Primary LanguagePerlMIT LicenseMIT

Microsat Allele Detector (2007)

An automated program designed to detect allele peaks in genescan files for population genetics studies.

Problem: I need to find the molecular weights of sample peaks in hundreds of genescan files in a way that is both accurate and consistent.

Problem

Solution: A program that creates a simple excel sheet that contains all peak Molecular Weights and information.
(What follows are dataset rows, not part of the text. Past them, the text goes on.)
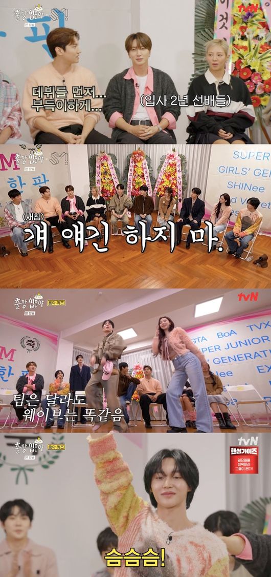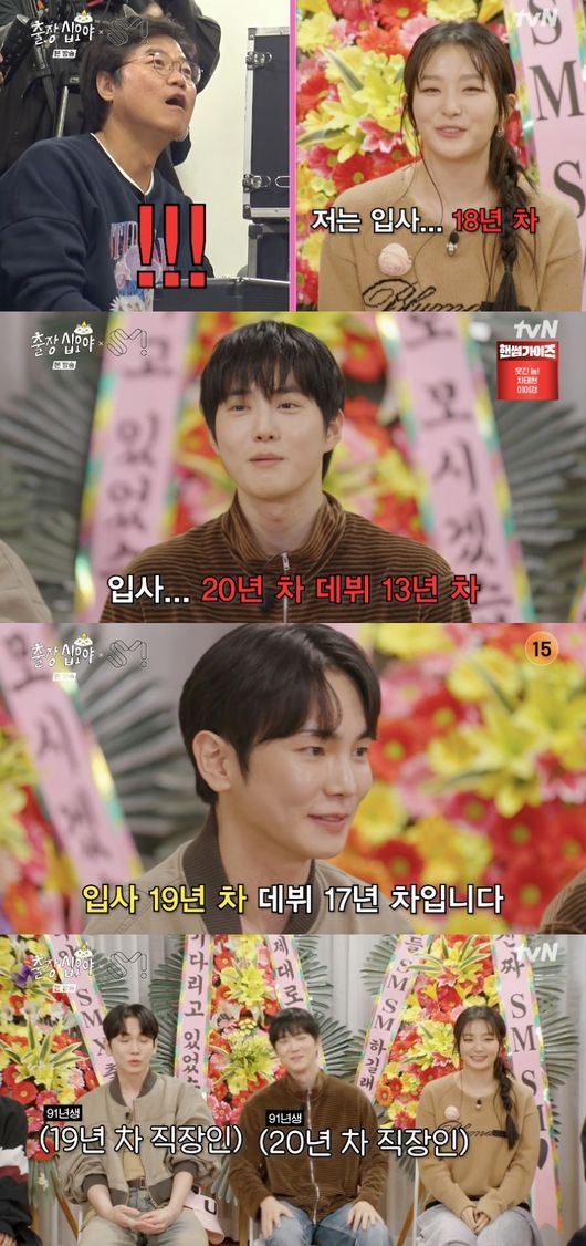무엇보다 레드벨벳 슬기가 입사 18년 차에 데뷔 11년차라고 하자 선배들은 깜짝 놀라는 모습을 보였다. 점점 데뷔연도가 올라갈수록 어마어마한 경력을 자랑하기 시작했다. 다음 차례인 엑소 수호는 입사 20년 차에 데뷔 13년 차, 샤이니 키는 입사 19년 차에 데뷔 17년 차라고 말했다.
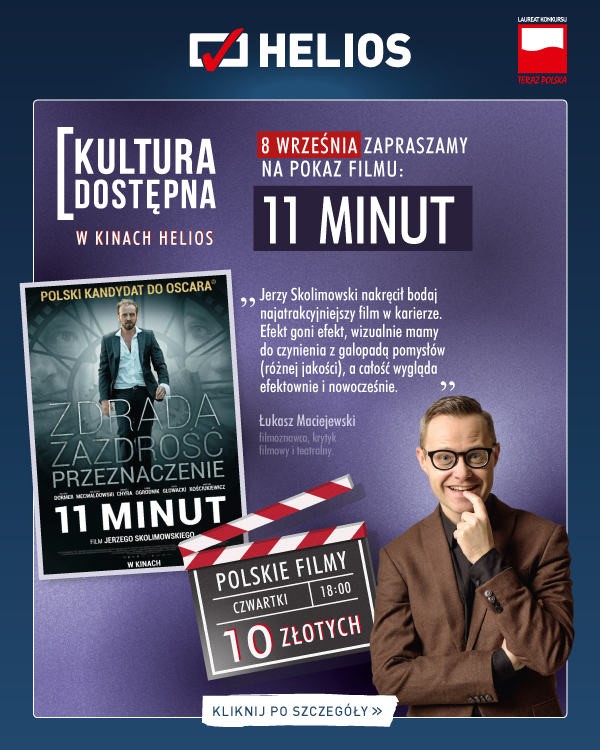 Tym razem film „11 minut” będzie można obejrzeć w cyklu Kultura Dostępna w lubińskim kinie Helios. Seans odbędzie się w najbliższy czwartek, 8 sierpnia, o godzinie 18.
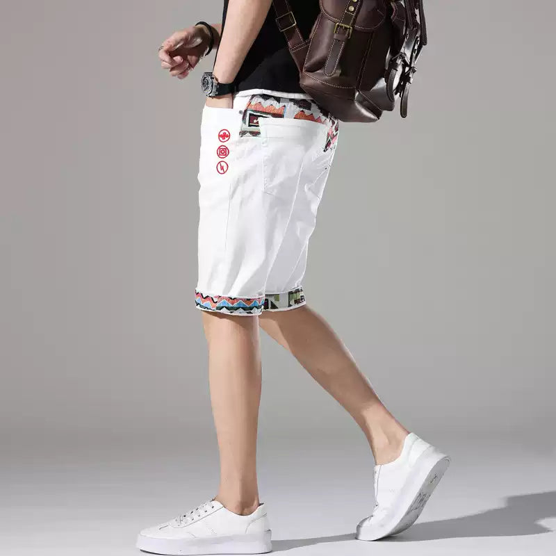 Verleihen Sie Ihrem Sommer-Outfit eine frische Note mit den weißen, bestickten Denim-Shorts für Herren – ideal für stylische Auftritte bei warmem Wetter! Diese halblangen Slim-Fit Shorts verbinden Komfort mit trendigem Streetstyle:
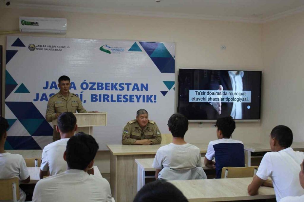 🔸Jaslar aylıǵı sheńberinde Nókis qalası 1-sektor aymaǵında jaylasqan Respublikalıq Milliy gvardiya aymaqlıq oqıw orayı imaratında jaslar arasında “Mártlik sabaqları” hám huqıqıy-psixologiyalıq másláhátler ótkerildi.
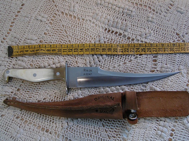 Cucuillo hecho de herrero, usado en la cocina, en el sacrificio, desollado y despiezado de animales de corral, rebaño o caza; y le llmaron el "MACHO" cuando lo levaban tras la faja.
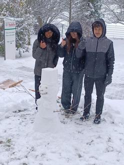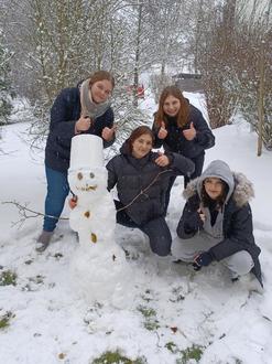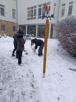 Am 18. Januar hat uns alle das Wetter mit einer großen Ladung Schnee überrascht. So schön die weiße Landschaft auch aussieht - die Bewohner in Pflegeheimen gehen bei diesem Wetter eher nicht vor die Tür. Also dachten wir uns, dass die Schülerinnen und Schüler Schneemänner bauen, die von den Bewohnern gut zu sehen sind. In einer reichlichen Stunde entstanden dann drei aus Schnee gebaute Figuren, wir wollen ja allen Geschlechtern gerecht werden. Die Schülerinnen und Schüler hatten viel Spaß und haben gemerkt- im Winter ist es kalt.
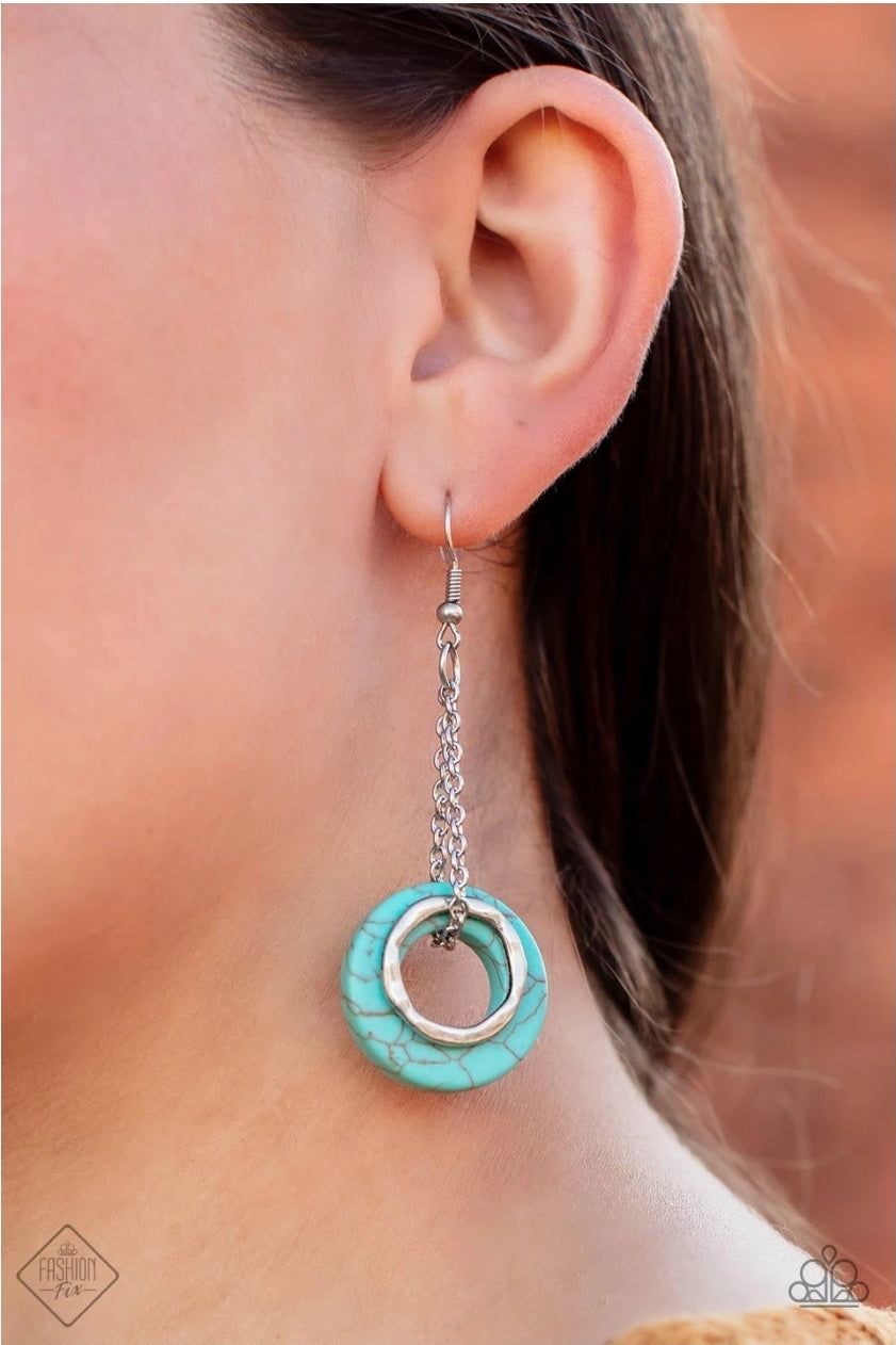 Earring: "Mojave Oasis" (P5SE-BLXX-197RN)- A dainty silver ring and turquoise stone ring are threaded along a shimmery silver chain fitting, creating a free-spirited design with lots of movement. Earring attaches to a standard fishhook fitting.
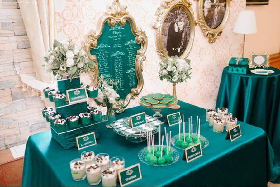 - Стол и меню – требует той же тщательной подготовки, что и свадебный стол 55 лет назад. Стол должен быть богатым, полным угощений и напитков, украшенный цветами, свечами и свадебным декором.
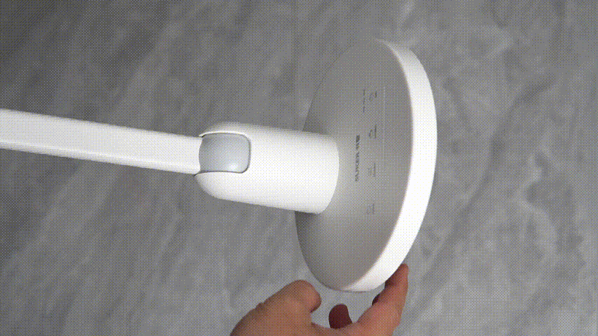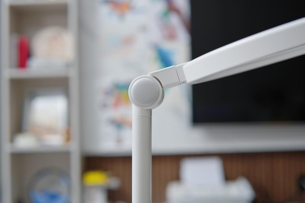 ▲书客SKY护眼台灯的基座和灯杆之间的转轴,可以实现90°转动,用于桌面照射不同高度和左右幅度的调节。
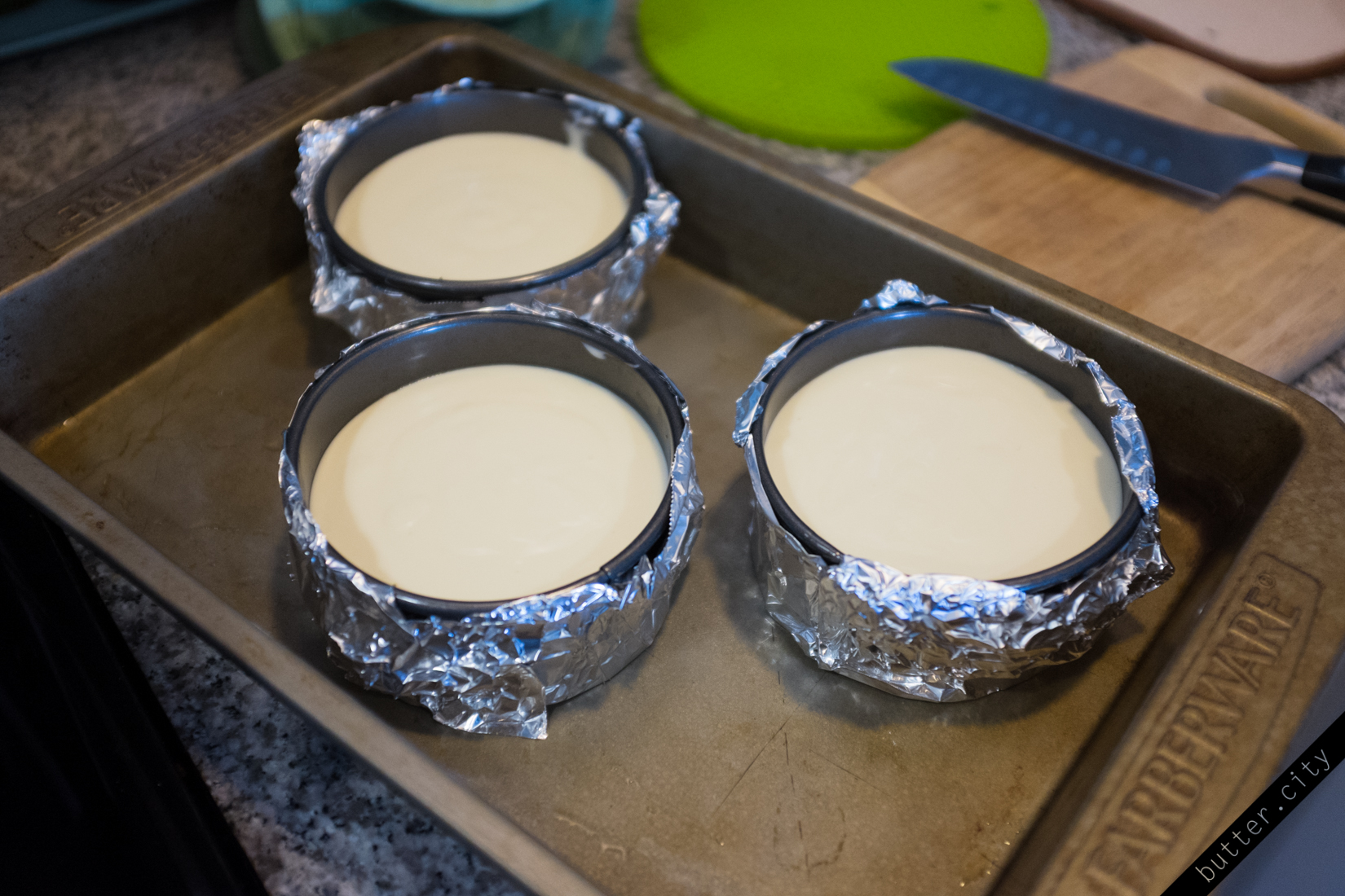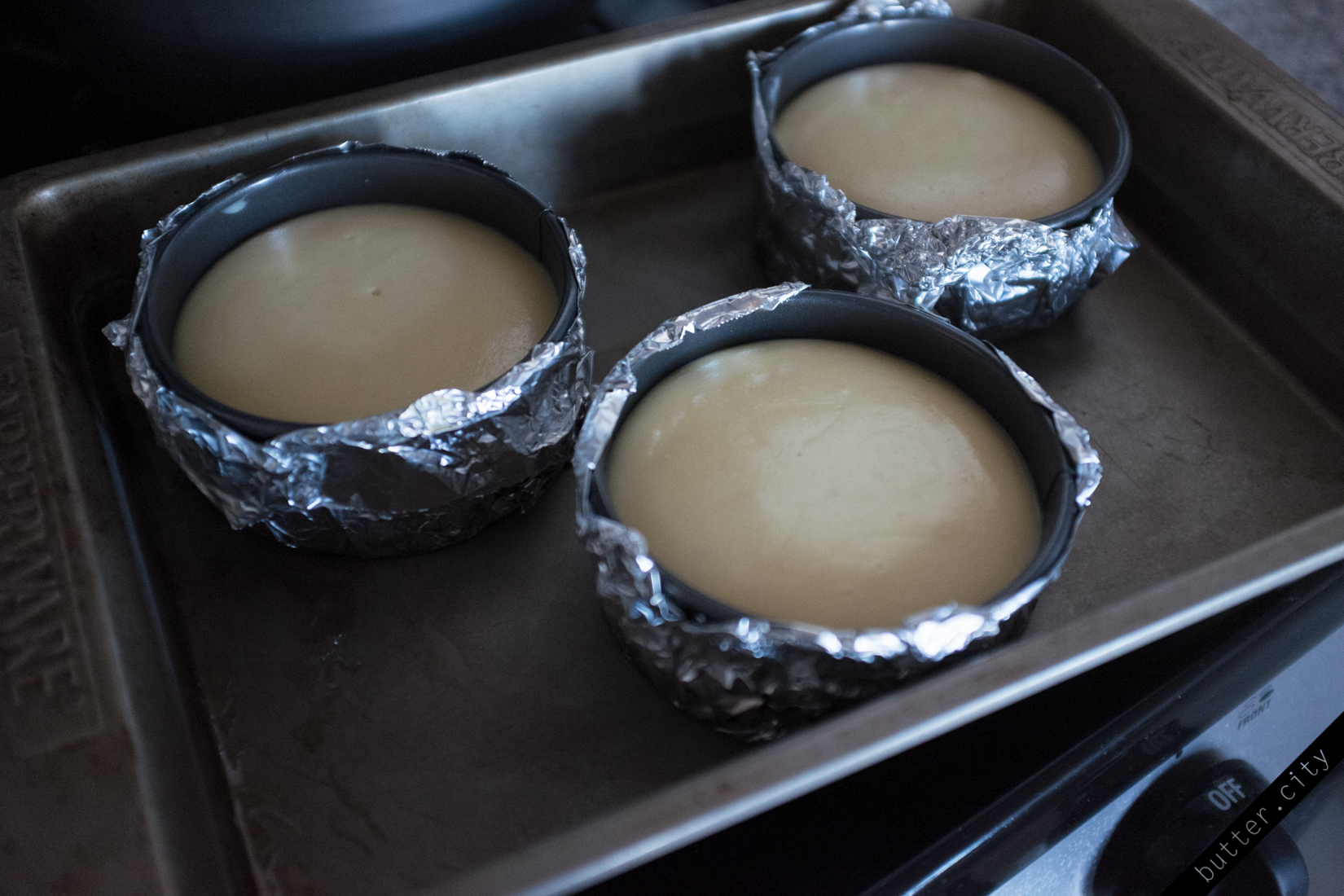 Place the three springform pans in the 9″x13″ pan, then fill the pan with about 3/4″ of hot water. Put the entire rectangular pan in the oven and bake for 75 minutes, until cheesecake edges are dry and a toothpick comes out clean. Worried about an ugly toothpick mark? Make some fresh fruit compote to go with it 🙂
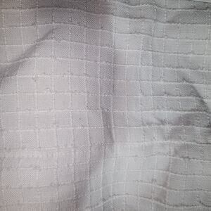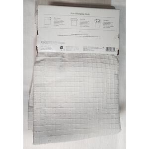 Threshold black out curtain set W 54'' x L 63'' New ivory texture plaid. Hanging style rod rocket, back tap and clip ring. New in original packaging , packing has minor blemishes. The curtains embodied line are loose . I don't know if this is design or defect. Curtain is made of polyester 100%.
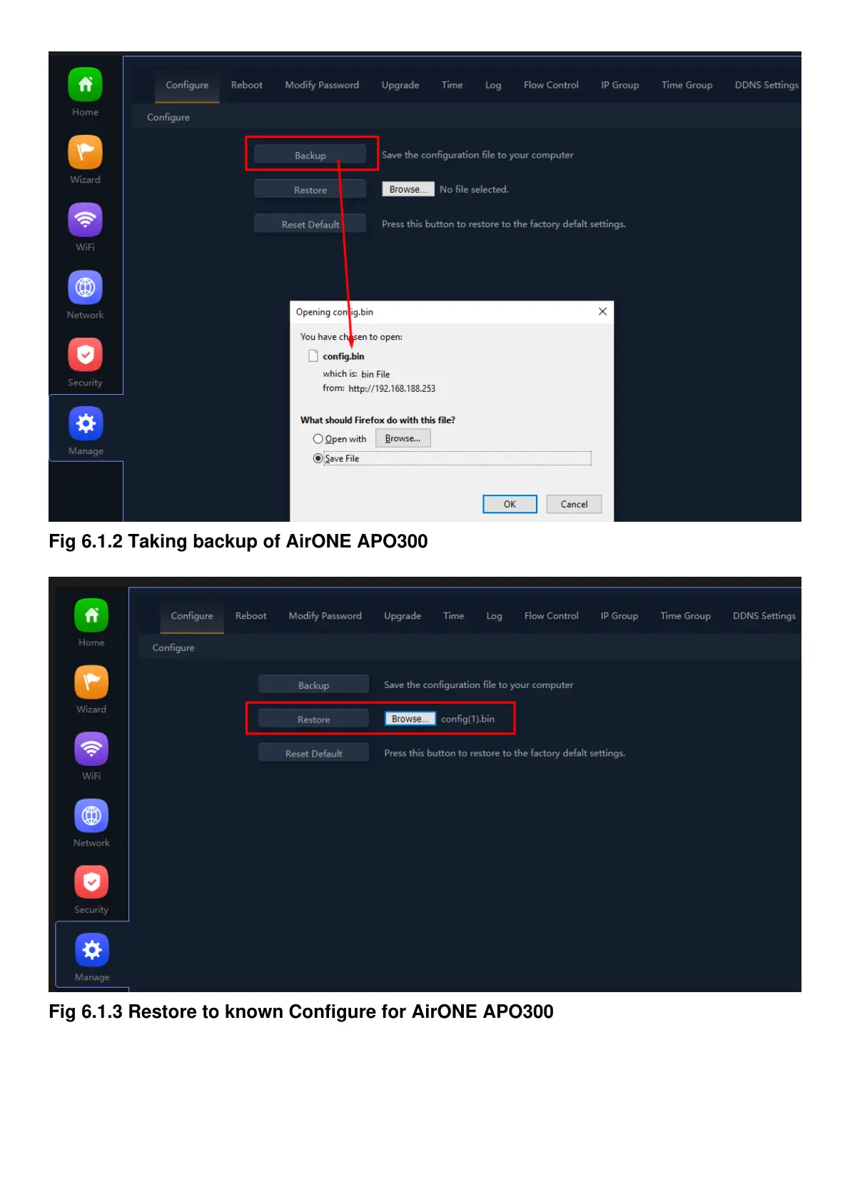 Fig 6.1.3 Restore to known Configure for AirONE APO300

About the Microsat Allele Detector

This program was designed while I worked for a population genetics lab at Penn State in 2007. My supervisor needed a program that could read genescan traces generated by a micro-satellite allele analysis to determine the prominant allele frequencies in a way that was quick, accurate, and consistent. To accomplish this task, I spent the next few months honing my Perl programming ability, learning how to interface with DNA sequence machine data files, and finding ways to teach a program to objectively call results that are sometimes difficult to determine by hand. It was quite a challenge, but what resulted was a program that outperformed even my initial expectations and saved my supervisor countless hours of tedious labor.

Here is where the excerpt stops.